PhD Seminar Notice: A Novel Framework of Board-Level Failure Localization in Optical Transport Networks

Monday, May 27, 2024 9:00 am - 10:00 am EDT (GMT -04:00)

Candidate: Yan Jiao

Title: A Novel Framework of Board-Level Failure Localization in Optical Transport Networks

Date: May 27, 2024

Time: 9:00 AM


Supervisor(s): Ho, Pin-Han


Optical transport networks (OTNs) serve as a pivotal role in Internet backbones thanks to their support for multi-tenant and multi-service environments with high reliability and low cost. A failure event may affect one or multiple boards in OTN that ignite a vast number of alarms, which significantly boosts the complexity of failure localization and alarm analysis. Accordingly, there is an urgent need for a systematic framework that harnesses the known network state and received alarms to achieve effective failure localization.

Alarm correlation has been considered as a representative approach to identifying the dependencies among alarms, aiming at eliminating as many descendent alarms as possible, thereby fulfilling failure localization with much decreased complexity. Nevertheless, existing methods of alarm correlation are subject to the following issues. Firstly, they ignore the fact that alarm propagation mostly takes place along certain connections and that the network topology and traffic distribution may solidly underpin the required alarm correlation process. Secondly, they necessitate heuristically setting initial parameters but lack a general rule that adjusts their values according to various network characters. Lastly, they are deficient in generality to versatile network environments, where the obtained result grounded in a specific network state may not be migrated to another.

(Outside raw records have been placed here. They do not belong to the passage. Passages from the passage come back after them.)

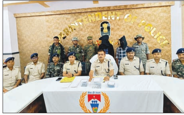
प्रेस वार्ता कर जानकारी देते एसपी व अन्य।
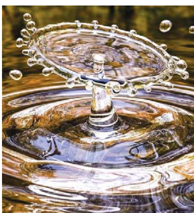
alarming pace, threatening water security, ecosystems, and climate stability.

Every year on March 22, World Water Day highlights water-related challenges and advocates for sustainable water management. The theme for 2025, 'Glacier Preservation', underscores the urgent need to protect the world's glaciers, which are melting rapidly due to climate change. These frozen reservoirs hold 70% of the world's freshwater, playing a crucial role in maintaining river systems, sustaining agriculture, and supporting millions of lives. However, as global temperatures rise, glaciers are vanishing at an
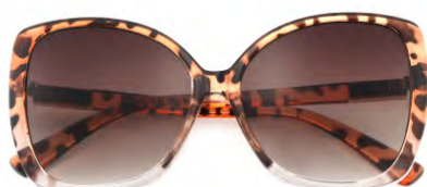
Montatura colore tartaruga crystal, lenti colore marrone
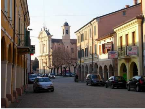
Il centro storico di Poggio Rusco prima del sisma
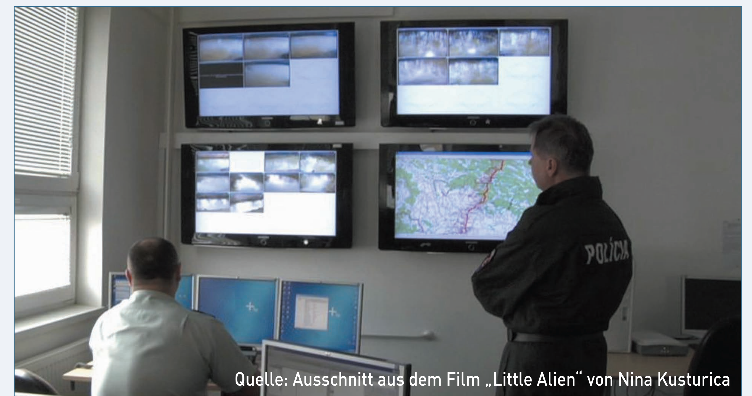
Verstärkte High-Tech-Kontrollen an den EU-Außengrenzen
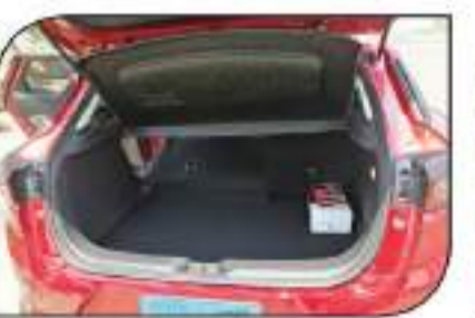
صنوق أمعة خلفي عمل وكثفة ممتدة التصميم نسبياً
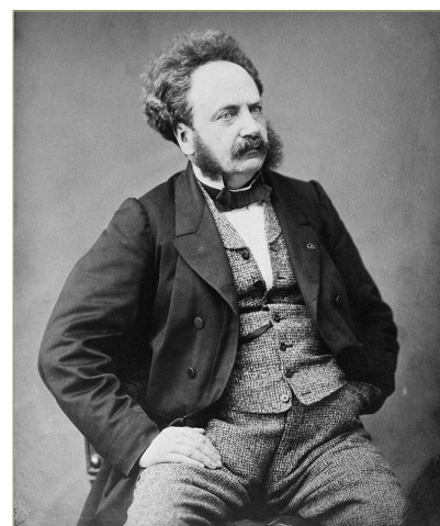
Figura 3. Auguste Cahours (1813-1891).

seus compostos, «dotats de les més íntimes analogies químiques», de manera que fins i tot es podien reemplaçar els uns pels altres sense canviar la forma cristal·lina. Era la propietat que Eilhard Mitscherlich havia anomenat isomorfisme i que també per a Mendeléiev era la clau principal per a entendre les propietats periòdiques. Cahours reconeixia que «si volguérem classificar els metalls mitjançant isomorfisme, no podríem aconseguir-ho», per això va fer servir les classificacions artificials inspirades en l'obra de Thenard (Cahours, 1855-1856).
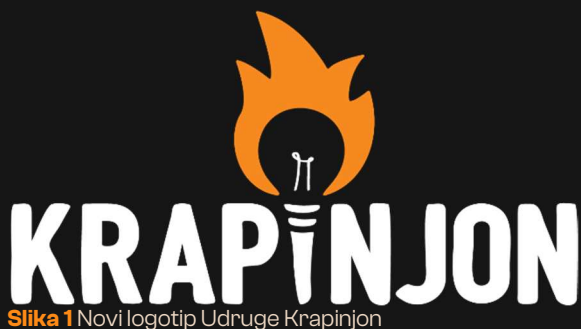
Slika 1 Novi logotip Udruge Krapinjon

Konačno, ideju Udruge saželi smo u jednostavan slogan s važnom porukom: " Zapali svoju vatru ". Ovaj je slogan poziv svim članovima i volonterima Udruge Krapinjon, ali i mladima općenito, da pronađu i njeguju ono što vole i što ih pokreće – svoju vatru.
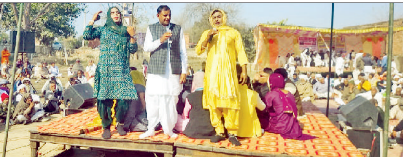
भिवानी। भगत पूर्णमल सांग का मंचन करते कलाकार।

मार्मिक ढंग से बताया कि कैसे वर्षों तक संतानहीन रहे राजा सुलेभान के बाग, गुरु गोरक्षनाथ के आगमन से हरे-भरे हो गए। उन्होंने कहा कि गुरु के आशीर्वाद से बड़ी रानी के घर सुंदर पुत्र 'पूर्णमल' का जन्म हुआ। सांग में मुख्य मोड़ तब आया जब 12 वर्ष का वनवास (गुप्त पालन) काटकर लौटे पूर्णमल को राजा ने अपनी छोटी माता लुनादे के दर्शन करने का आदेश दिया। लुनादे, पूर्णमल की सुंदरता देखकर उन पर मोहित हो गईं और कुटिल प्रस्ताव रखा, जब धर्मपरायण पूर्णमल ने इसे ठुकरा दिया, तो रानी ने षडयंत्र रचकर उन पर ही लांछन लगा दिया। सांग के मंचन के दौरान वह दृश्य सबसे भावुक रहा जब राजा सुलेभान ने अपनी छोटी रानी की बातों में आकर अपने निर्दोष पुत्र को मृत्युदंड का आदेश दिया। कलाकारों के
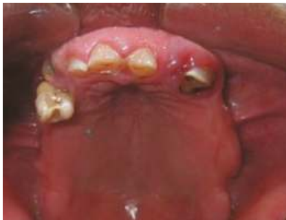
Fig. 2 Vista oclusal superior
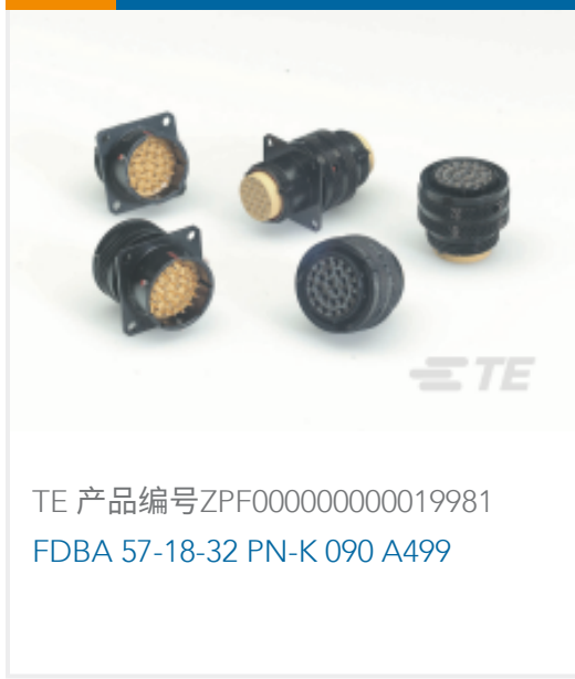
TE 产品编号 ZPF00000000019981 FDBA 57-18-32 PN-K 090 A499
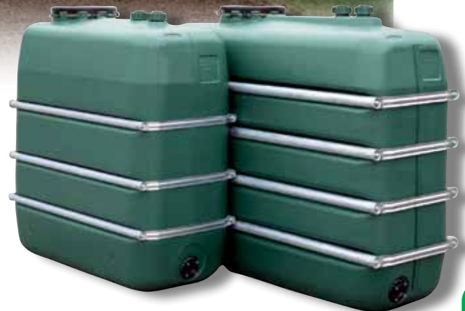
1 500 et 2 000 litres
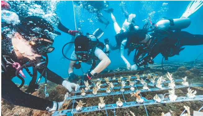
志愿者潜入三亚大东海海底种植珊瑚苗，为修复海底生态系统播撒“蓝色希望”。
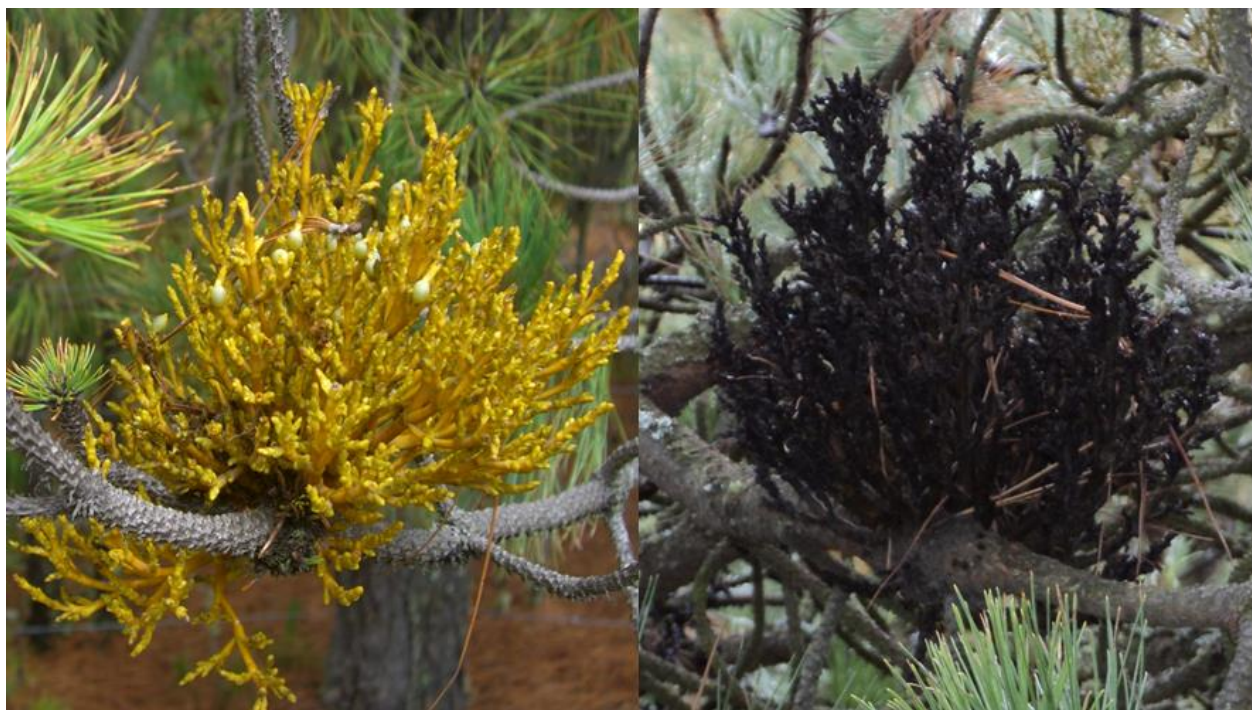
Figura N° 2 A. globosum (izquierda) y A. vaginatum (derecha)

clasificaran sus categorías de uso, bajo una perspectiva emic, y procedían a indicar el nombre común y con qué las asocian; posteriormente se registró la información general de las especies, así como la procedencia del conocimiento sobre las plantas; y la etapa fenológica de colecta (para corroborar la parte de la planta utilizada), apoyada en imágenes impresas en blanco y negro propuestas por Hawksworth y Wiens (1996). Los usos proporcionados por los entrevistados se agruparon, bajo una perspectiva etic, en dos categorías propuestas por Cook (1995): 1) Medicinal y 2) Lúdico.
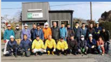
折壁駅桜の木の伐採作業
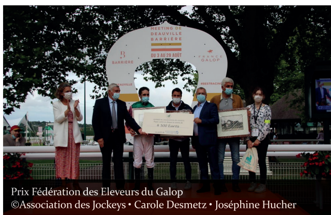
Prix Fédération des Eleveurs du Galop ©Association des Jockeys • Carole Desmetz • Joséphine Hucher
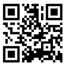
川内能力開発協会 川内技術開発センター ホームページ

▼演習編 9月14・21・28日 *各土曜日9時～16時 【所】川内能力開発協会川内技術開発センター(青山町) 【対象】電気事業者、新卒資格希望者、建築関係者、電気工事について学びたい方など 【定員】各講座10人程度 *申込状況により中止する場合があります。 【受講料】①②の各編1万3000円 *教材、模擬テスト代などを含む 【申込締切】各講座開催日10日前 【申込方法】直接、電話または住所・氏名・連絡先を明記の上、フアクス *申込書はホームページ上からダウンロードできます。 【申込・問合せ】川内能力開発協会川内技術開発センター(青山町) (22)3873 (20)6423
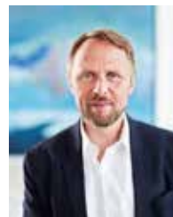
Oberbürgermeister Uwe Richrath

Wir danken den Sponsoren für die Unterstützung von Streetlife 2017
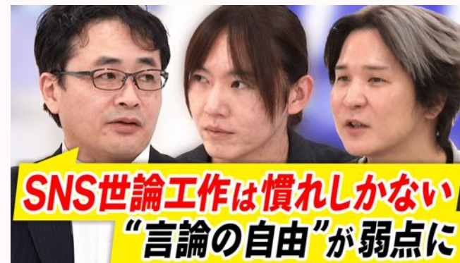
情報戦の解説 Abema Prime（2025年2月14日）にて放映
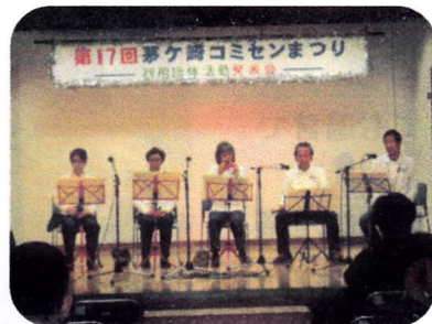
尺八等楽器の演奏
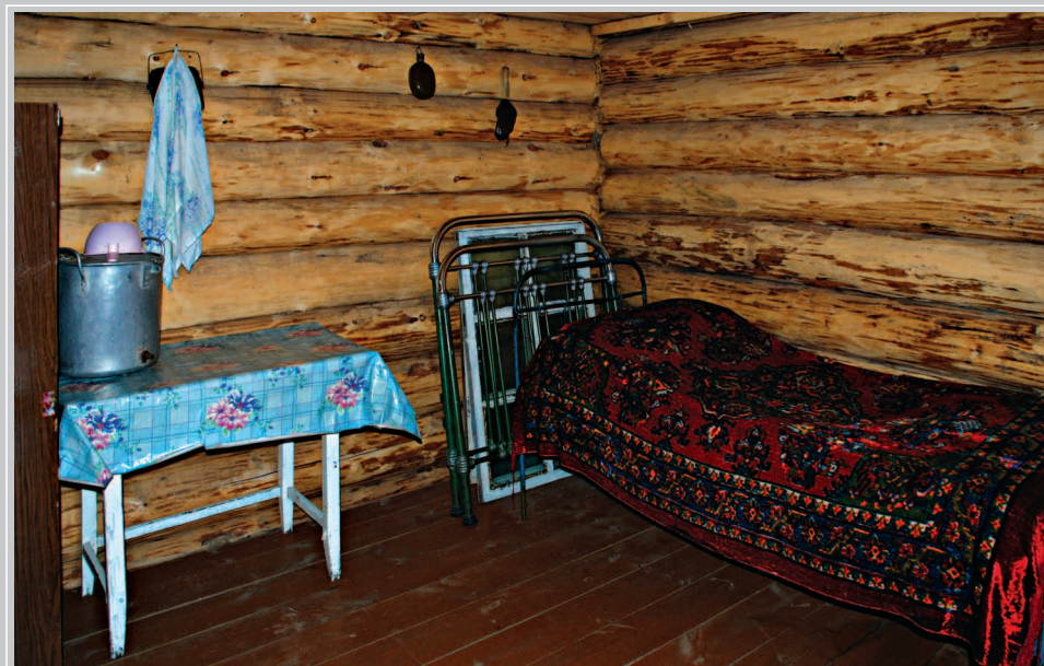
71 (18). Сени в родном доме писателя В.Г. Распутина. Село Аталанка Усть-Удинского района Иркутской области. Фото 2015 г.

Enlightened by its significance and stringent requirements, this thesis proposes a novel framework of board-level failure localization in OTN, called Failure-Alarm Correlation Tree based Failure Localization (FACT-FL), where one or multiple FACTs are the expected output. Foremost, we put forward the concept of FACT that takes a failed board and its associated alarms as the tree root and leaves, respectively. Then three methodologies are designed to implement FACT-FL. A scheme named FACT-FL-Heuristic is firstly attempted via a learned binary classifier that intelligently captures the historical correlations in the form of board → alarm and alarm → alarm, followed by heuristically creating the feasible FACT(s). To further improve FACT-FL-Heuristic's performance, a method termed FACT-FL-Chain treats each FACT as a suite of correlation chains with different order values and generates viable FACT(s) by elegantly solving an integer linear programming (ILP) problem. Moreover, to reduce the computational complexity incurred by enumerating all chain candidates with FACT-FL-Chain, an approach dubbed FACT-FL-GNN leverages graph neural network (GNN) for evaluating the edge weights of potential FACT(s), which facilitates formulating an alternative simplified ILP to yield the most likely FACT(s). Extensive case studies are conducted to unveil the proposed methods' advantage over their counterparts in terms of the metrics assessing the recognized failed boards/root alarms. We also explore their performance in volatile environmental variations such as diverse failure scenarios, network topologies, traffic distributions, and noise alarms.